Stimulant Use Disorder
Home / Addiction A - Z / Types of Substance Use Disorder / Stimulant Use Disorder
Stimulants increase alertness, attention, and energy, as well as elevate blood pressure, heart rate, and respiration. They include illicit drugs such as cocaine and methamphetamine, as well as prescription drugs such as Ritalin® and Adderall®.
Stimulants have historically been used to treat conditions such as obesity, attention deficit hyperactivity disorder, and sleep disorders.
What are stimulants?
Stimulants increase alertness, attention, and energy, as well as elevate blood pressure, heart rate, and respiration. Stimulants include a wide range of drugs such as cocaine, methamphetamine, and prescription medications including Ritalin®, Adderall®, Modafinil® and others.

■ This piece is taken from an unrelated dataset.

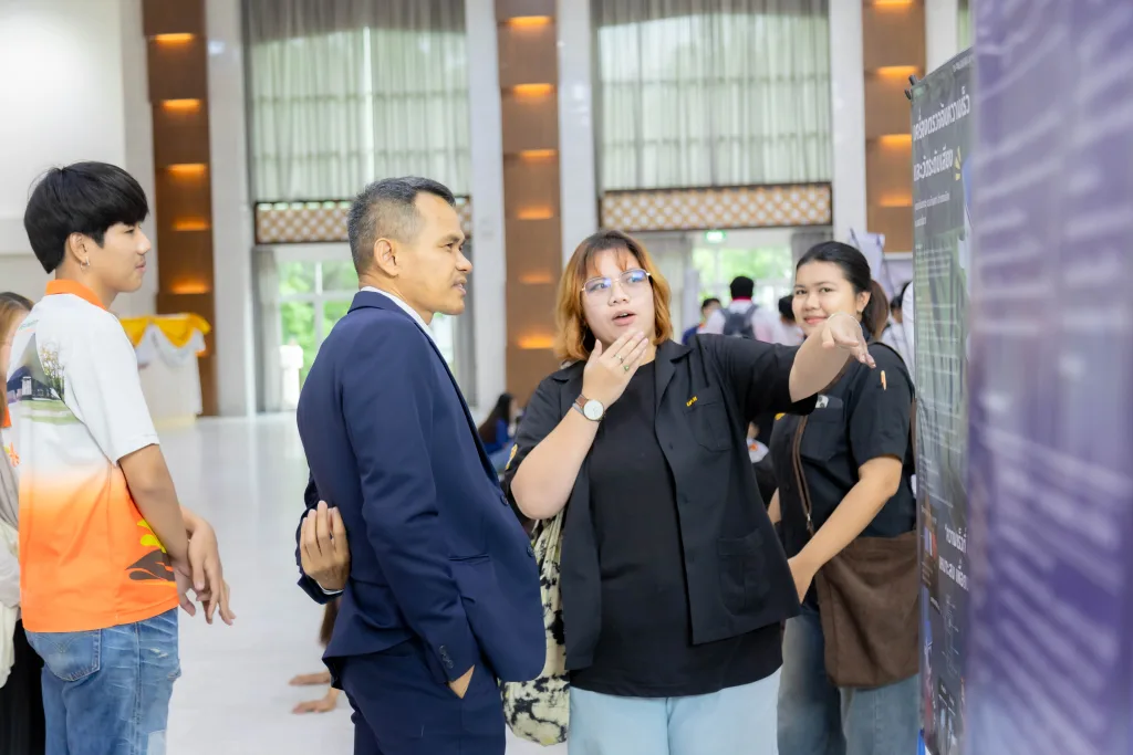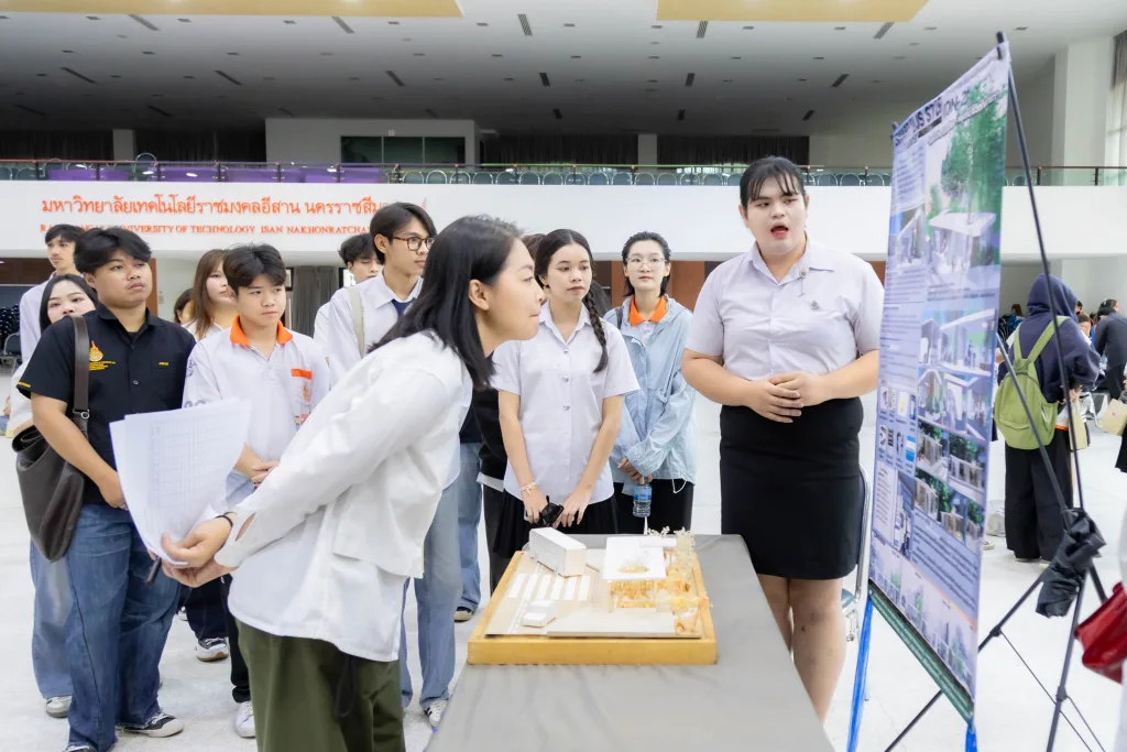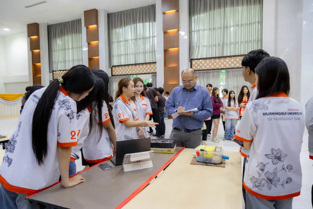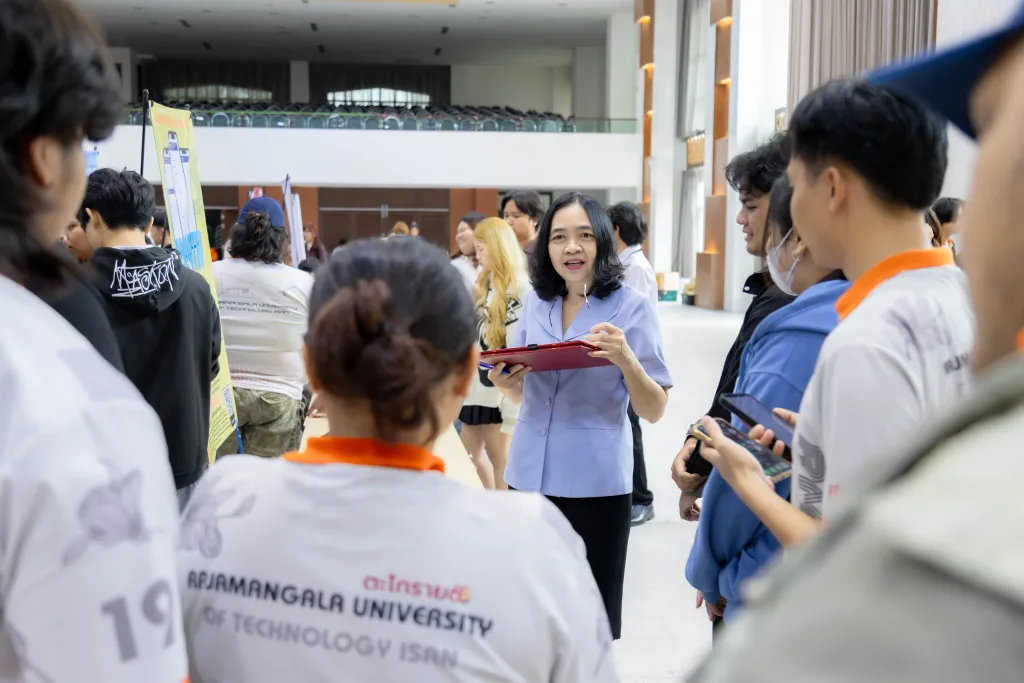 วันที่ 16 ตุลาคม 2568 สำนักศึกษาทั่วไป มหาวิทยาลัยเทคโนโลยีราชมงคลอีสาน จัดโครงการประกวดสิ่งประดิษฐ์ นวัตกรรม และเทคโนโลยี รายวิชา “ชุมชนนวัตกรรมสร้างสรรค์” ณ หอประชุมวทัญญู ณ ถลาง มหาวิทยาลัยเทคโนโลยีราชมงคลอีสาน นครราชสีมา โดย รองศาสตราจารย์ ดร.โฆษิต ศรีภูธร รักษาราชการแทน อธิการบดีมหาวิทยาลัยเทคโนโลยีราชมงคลอีสาน มอบหมายให้ ผู้ช่วยศาสตราจารย์ ดร.สุรัตน์ วรรณศรี คณบดีสถาบันสหสรรพศาสตร์ เป็นประธานในพิธีเปิดโครงการ ทั้งนี้ กิจกรรมดังกล่าวจัดขึ้นเพื่อเป็นเวทีให้นักศึกษาได้แสดงศักยภาพด้านการคิดค้นและสร้างสรรค์สิ่งประดิษฐ์หรือนวัตกรรมที่สามารถนำไปใช้ประโยชน์ได้จริงในชุมชน ตลอดจนเป็นการส่งเสริมทักษะการบูรณาการความรู้จากหลากหลายสาขาวิชาเพื่อขับเคลื่อนสังคมเชิงสร้างสรรค์อย่างยั่งยืน

Cocaine is a chemical isolated from the South American coca plant. As a street drug, it often appears as a fine, white, crystalline powder. Cocaine that has been processed into rock crystals is called crack. The crystals are heated and smoked. It is also known as Coke, C, Snow, Powder, or Blow.
Methamphetamine usually takes the form of a white, bitter-tasting powder (that easily dissolves in water) or a pill. Crystal methamphetamine is a form of the drug that looks like glass fragments or shiny, bluish-white rocks. It is also known as Meth, Chalk, Ice, or Crystal.
How are stimulants used?
Historically, stimulants were used to treat asthma and other respiratory problems, obesity, neurological disorders, and other ailments. But as their potential for misuse and addiction became apparent, the medical use of stimulants waned. Now, stimulants are prescribed to treat only a few health conditions, including ADHD, narcolepsy, and occasionally depression in those who have not responded to other treatments.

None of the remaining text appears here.